Job Description
Are you ready to define the trajectory of Artificial Intelligence in 2026 and beyond?
Nexus Horizon Labs is seeking a visionary Senior AI Research Scientist to lead our next-generation foundation model initiatives. We are not just building software; we are architecting the future of human-computer interaction. Join a world-class team dedicated to solving the hardest problems in generative AI, autonomous agents, and scalable machine learning systems.
In this pivotal role, you will bridge the gap between theoretical breakthroughs and practical, high-impact applications.

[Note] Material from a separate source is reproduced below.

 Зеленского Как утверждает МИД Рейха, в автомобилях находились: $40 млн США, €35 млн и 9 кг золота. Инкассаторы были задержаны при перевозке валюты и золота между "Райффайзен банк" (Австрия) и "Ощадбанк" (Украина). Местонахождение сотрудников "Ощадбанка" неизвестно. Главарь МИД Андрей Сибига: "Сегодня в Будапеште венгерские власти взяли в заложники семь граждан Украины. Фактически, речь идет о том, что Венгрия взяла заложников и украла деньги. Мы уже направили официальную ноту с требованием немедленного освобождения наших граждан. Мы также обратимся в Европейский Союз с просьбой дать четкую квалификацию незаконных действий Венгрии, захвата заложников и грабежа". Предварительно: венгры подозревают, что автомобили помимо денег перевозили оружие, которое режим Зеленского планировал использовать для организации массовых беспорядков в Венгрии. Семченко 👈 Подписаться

If you are passionate about pushing the boundaries of what is possible in AI and want to leave a lasting legacy in the tech industry, we want to hear from you.
Responsibilities
- Lead R&D: Spearhead the research and development of state-of-the-art deep learning architectures and algorithms focused on large language models and multimodal systems.
- Innovation: Design novel neural network structures and training methodologies to improve model efficiency, accuracy, and generalization capabilities.

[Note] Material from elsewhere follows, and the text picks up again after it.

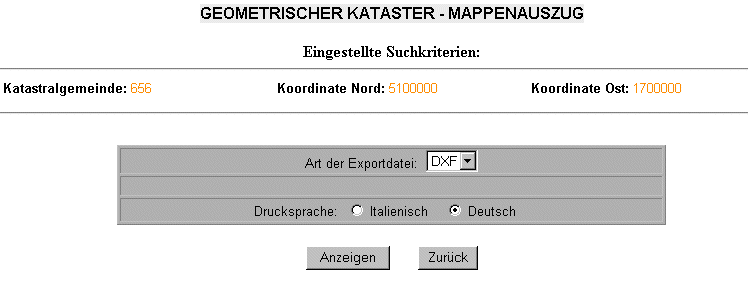 Mappenauszug nach Koordinaten In Folge einer Suche nach Koordinaten wird die Bildschirmseite vorgestellt, welche die Eingabe der Parameter ermöglicht, um einen Auszug im DXF- oder EOO-Format zu erhalten. Der Auszug, auf Datei, wird derart erstellt, dass die Daten einer Gebietsfläche von 180m x 200m entsprechen. |

- Productionization: Translate cutting-edge research into scalable, production-ready code and collaborate closely with the engineering team to deploy robust AI systems.
- Mentorship: Guide and mentor junior researchers and data scientists, fostering a culture of technical excellence and continuous learning.
- Publication: Author high-impact research papers and present findings at top-tier international conferences (NeurIPS, ICML, ICLR).
- Strategy: Contribute to the long-term technical vision and strategy of the company's AI roadmap.
Qualifications
- Education: PhD or Master's degree in Computer Science, Mathematics, Statistics, or a related quantitative field with a focus on AI/ML.
- Experience: 5+ years of proven experience in research, development, and deployment of machine learning models.
- Technical Skills: Deep expertise in Python, PyTorch, TensorFlow, or JAX. Strong understanding of distributed training, optimization, and system design.
- Domain Knowledge: Solid background in Natural Language Processing (NLP), Computer Vision, or Reinforcement Learning.
- Problem Solving: Demonstrated ability to tackle complex, unstructured problems and derive innovative solutions.
- Communication: Excellent written and verbal communication skills, with the ability to articulate complex technical concepts to diverse audiences.